Thursday, October 21, 2010

Squeezing FITs


The Feed-in Tariff is a new scheme designed to incentivise individuals and companies to become local electricity generators. The newsagent round the corner, the out-of-town supermarket and the houses in the close will all be capable of generating electricity for their own use and of selling the excess into the grid. For this they will be paid handsomely. They will get:
  • the FIT for electricity they generate, whether they use it or not;
  • an additional fee for electricity that goes into the grid (or that is deemed to go into the grid); and
  • free electricity.
The downside is the high capital costs of installing the generation equipment. Here the installers step in and do it for free. They fund, design, install and run the technology and earn the subsidies while the house, the supermarket and the shop owner get the electricity the equipment generates for free.

Government is keen on this arrangement, even though benefits don’t all go to mini-generators.
  • They positively want to create the conditions for a ‘smart’ domestic-level grid (doubtless over time we and they will come to know precisely what that means).
  • They believe that by this means energy security risk can be spread, partly as a result of energy diversification and partly as a result of the nature of that diversification.
  • They foresee/hope that it will give rise to an increase in renewable energy output and help us reach our 2020 and 2050 targets.
  • Land energy suppliers with a 50,000+ client base (the Big Six) foot the bill for the entire scheme; government pays nothing.
But with the Comprehensive Spending Review all expenditure, including FITs, is up for review.

Why should government review a subsidy it isn’t paying for? The official position is that any government measure that increases consumer expenditure is open for review.

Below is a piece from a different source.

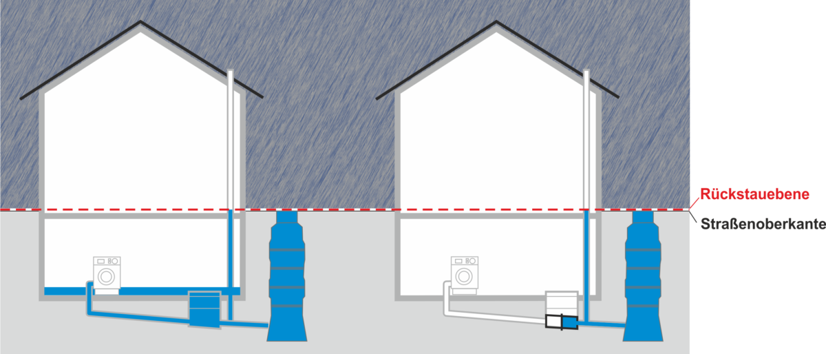 Das Abwasser staut sich dann auf und überflutet tiefliegende Räume und Ablaufstellen wie Bodenabläufe, Duschen, WCs und Waschbecken, die unterhalb der Rückstauebene liegen.

But there is more to it than that. The government has been committing itself to the heat incentive over the last weeks. It is still unclear how it’s to be funded—particularly as we expect it won’t be by government.

Add to that the need to fund measures in the impending Energy Bill and White Paper. The costs of these policies will be significant. If government won’t be paying, there seems little option but to slim down the financial obligations of the Big Six under the FITs to free them up for a wider financial remit.

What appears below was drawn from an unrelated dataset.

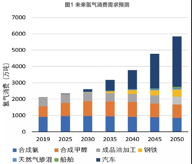 據(jù)中國氫能聯(lián)盟預(yù)計(jì),到2030年中國氫氣需求量將達(dá)到3500萬噸,在終端能源體系中占比5%,主要增量來自交通運(yùn)輸?shù)娜剂想姵剀?,產(chǎn)能缺口約1000萬噸/年;到2050年氫能將在中國終端能源體系中占比至少達(dá)到10%,氫氣需求量接近6000萬噸,其中交通運(yùn)輸領(lǐng)域用氫2458萬噸,工業(yè)領(lǐng)域3370萬噸,其他領(lǐng)域110萬噸,產(chǎn)業(yè)鏈年產(chǎn)值約12萬億元,產(chǎn)能缺口約3500萬噸/年。
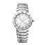 Bvlgari Bvlgari Lady watch with quartz movement, B043 caliber, 33 mm stainless steel case, stainless steel bezel engraved with double logo, silver dial, 12 round brilliant-cut diamond indexes (about 0.20 ct), stainless steel crown set with a cabochon-cut synthetic pink rubellite and stainless steel bracelet. Water-resistant up to 30 meters

Slimming the FITs won’t, surely, mean ending it. We know it will remain in some form: the government said so in spades at the party conference, although refusing to be drawn on detail.

If we take it for granted that FITs is up for review and that there will, perhaps, be some drawing back, is there any way to determine the likely form of the revamped FITs?

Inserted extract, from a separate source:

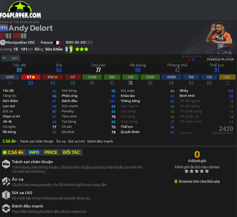 Một trong những cầu thủ có khả năng không chiến cực kì tốt. Anh là mẫu tiền đạo nhận bóng và đánh đầu điển hình. Khả năng chọn vị trí tốt cũng như dứt điểm tốt cùng chỉ số ẩn Đánh đầu mạnh hứa hẹn anh là một trong những Top tiền đạo không chiến hiệu quả.

There can be no certainty, but government could achieve most of the objectives listed above by cutting out high cost projects. So, for example, the PV tariff could end at standalone schemes. That for hydro could end at the 2MW level, with wind ending at 1.5MW.

Other ways of dealing with the FITs are contentious—and could set back investment confidence for the foreseeable future. However the government deals with this, it must ensure the investment community stays on side.

The grapevine says we won’t know the shape of the FITs by 20 October but that we will then know – in the announcement of the Comprehensive Spending Review – when and how decisions will be taken. So either there’s room for negotiation with government or what it aims to do is complex. On its last showing with a complex scheme, the renewable heat incentive, that probably means there’s room for negotiation.